Finite element (FE) modelling is vital for understanding FSU biomechanics under external forces [4]. Critical understandings of FSU responses to treatments come from clinical studies, experiments, and animal models. FE analysis offers cost-effective efficiency, capturing intricate biomechanics that are hard to measure experimentally [5,6]. Developing subject-specific spine models is time-consuming; researchers often opt for linearized models [7]. In view of modelling nonlinear spine behavior, it is noteworthy that spinal FE models frequently undergo validation solely through assessing their end-point responses to specific loads or moments.

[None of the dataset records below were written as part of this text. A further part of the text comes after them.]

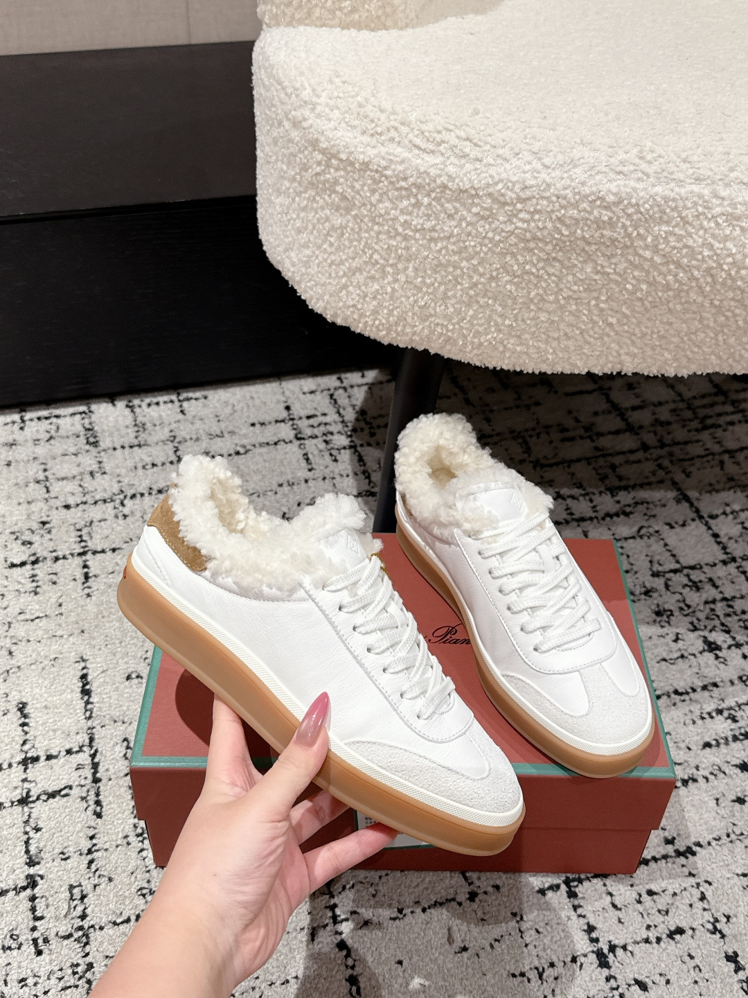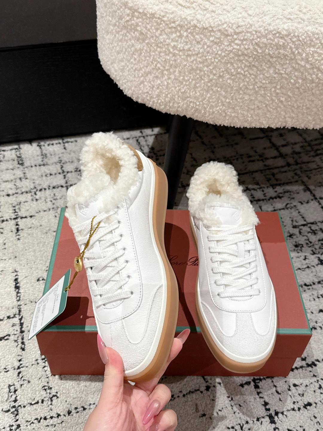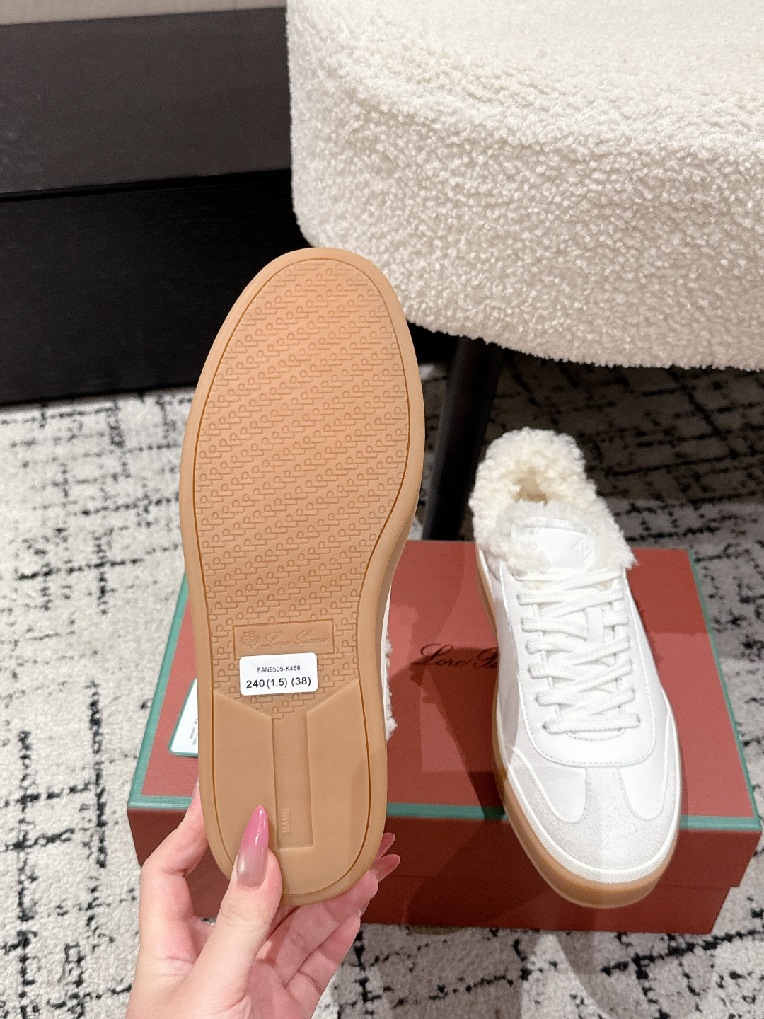 这款鞋子是AAAAA 1:1 质量 (非常棒). 使用了和原版一模一样的材料. 商标部分也保持了和洛罗皮亚纳/Loro Piana一样. 图片拍摄是实物鞋子拍摄, 您所收到的实物保证和我们图片一模一样.
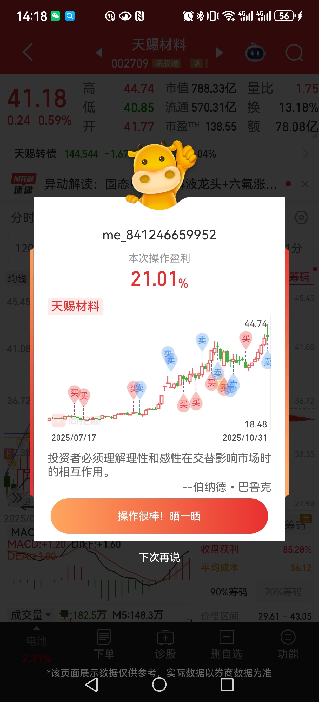 $天赐材料(SZ002709)$ 第一波翻倍,第二波20个点,就这样吧,等你们新老机构交接完,我再来
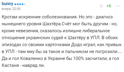 "Кротам искренние соболезнования. Но это - диагноз нынешнего уровня Шахтера.Счет мог быть другим - но, кроме невезения, сказалось излишне либеральное отношение украинских судей к Шахтеру в УПЛ. В обоих эпизодах со своими карточками Додо играл, как привык в УПЛ - там ему бы за такое и пальчиком не погрозили.... Да и гол Коваленко в Украине бы 100% засчитали, а гол Кастаня - навряд ли".
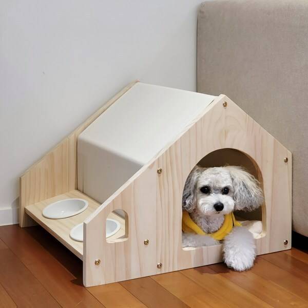 강아지 밥그릇이 달려있는 밥그릇 일체형 강아지 하우스도 있어요. 공간 활용에 조금은 도움이 될 수 있답니다. 원목 소재로 내구성이 좋다는 것도 장점이에요. 지붕은 천으로 통기성에 좋답니다.
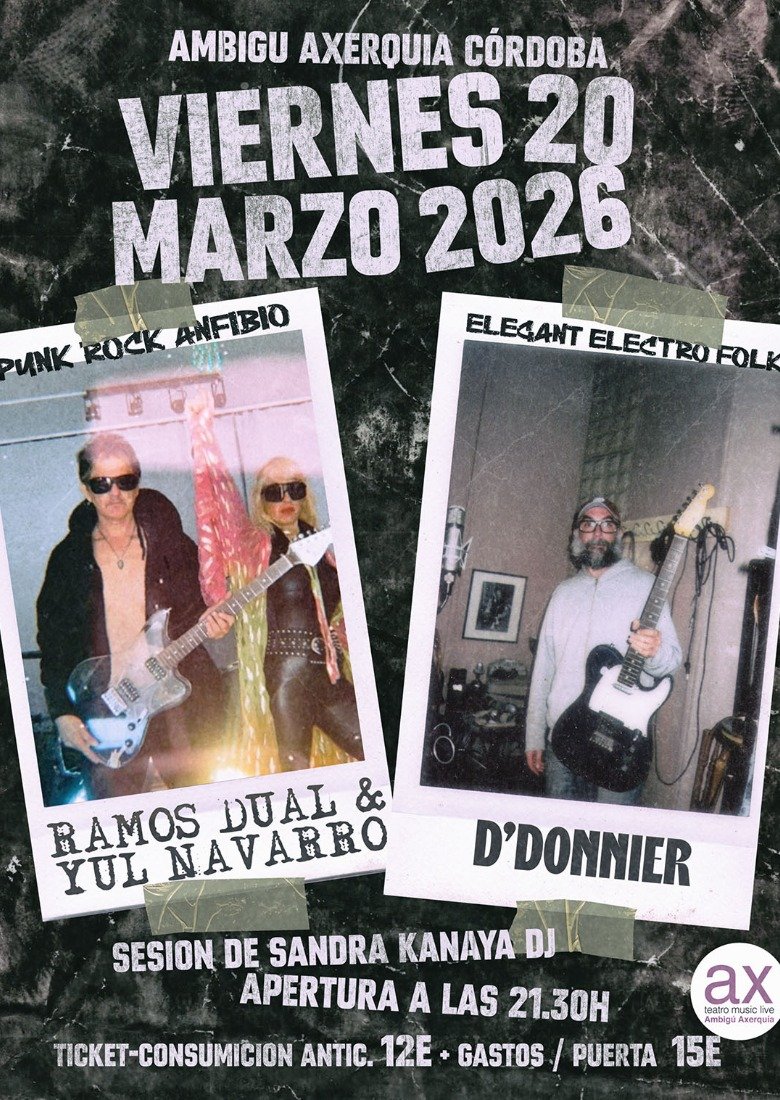 Ambigú La Axerquía mantiene su espíritu por traerte lo más interesante de la música independiente, esta vez con dos propuestas bien diferenciadas, pero con un hilo conductor: la música orgánica creada con pasión, música honesta y sin concesiones.

Thus, rigorous validation ensures accuracy and reliability before numerical exploration [8]. This study initially aims to improve confidence by developing and validating a subject-specific L3–L4 model, enhancing the credibility of FE predictions.

The L3–L4 lumbar vertebrae were chosen for this investigation because of their clinical importance and relevance to the field of spinal biomechanics. Due to its frequent involvement in degenerative disorders such as disc herniation and spinal stenosis, the L3–L4 segment is frequently selected as a therapeutically relevant region for research [9]. Moreover, this level offers a stable and consistent anatomical location for biomechanical study because it is located in the middle of the lumbar spine [10]. The L3–L4 level is also easily accessible and visualized, which makes it a good choice for study, especially when imaging or surgical procedures are involved [11]. This study assures consistency with existing literature and facilitates comparisons with prior findings by specifically focusing on the L3–L4 vertebrae [12].

Obesity is a global health issue that is gradually becoming worse [13,14]. In 2019–21, 22.9% of men and 24% of women in the age group 15–49 were obese or overweight [15,16]. To identify the persons as obese or overweight, the body mass index (BMI) classification is widely adopted, as given in

Table 1. Distribution of standard BMI in different categories.

BMI Category	BMI (kg/m2)
Underweight	<18.5
Normal weight	18.5 to 24.9
Overweight	25 to 29.9
Obesity	≥30

[17,18].

Obesity and overweight increase the load on the lumbar spine, potentially contributing to IVDD, which is the prominent reason for lower back pain (LBP) [19,20,21,22]. The high BMI reduces the height of the vertebral disc as the amount of gelatinous mass in the nucleus pulposus (NP) is reduced. As a result, the hydrostatic pressure rises and the outer annulus begins to swell. Also, an increase in BMI increases the stresses on the vertebrae when the human body is in diversified motions [23,24].

To examine LBP in obesity, a potential approach involves assessing the impact of reduced body weight on back pain, essentially evaluating whether weight loss alleviates the condition. In a systematic review evaluating the impact of BMI reduction following weight loss surgery, we have demonstrated [25] that in the severely obese, there is a benefit on back pain when weight is lost following surgery.

IVDD is influenced by various factors, such as range of motion (RoM), deformation, and stress distribution within the FSU. Recent research indicates that variations in BMI can affect the morphology and function of IVD over time; however, the link between BMI and IVD degeneration is complex [26,27]. The initial phases of IVDD may exhibit increased segmental mobility or hypermobility, which could result in biomechanical instability. Moreover, biomechanical research has shown that higher BMI leads to elevated von Mises stress (VMS) and deformation in the intervertebral disc (IVD), potentially contributing to degenerative alterations [26,27,28,29,30]. Although these findings provide valuable information, the practical importance of these biomechanical factors in relation to intervertebral disc (IVD) health and pathology is still being studied. Further research is needed to understand their impact on spinal function and degenerative conditions.

To better understand the impact of body mass on IVD mechanics with a view to personalizing treatment strategies, it may be helpful to elucidate mechanical properties of the disc in persons of varying body weight. A in silico model utilizing FE analysis may have a role.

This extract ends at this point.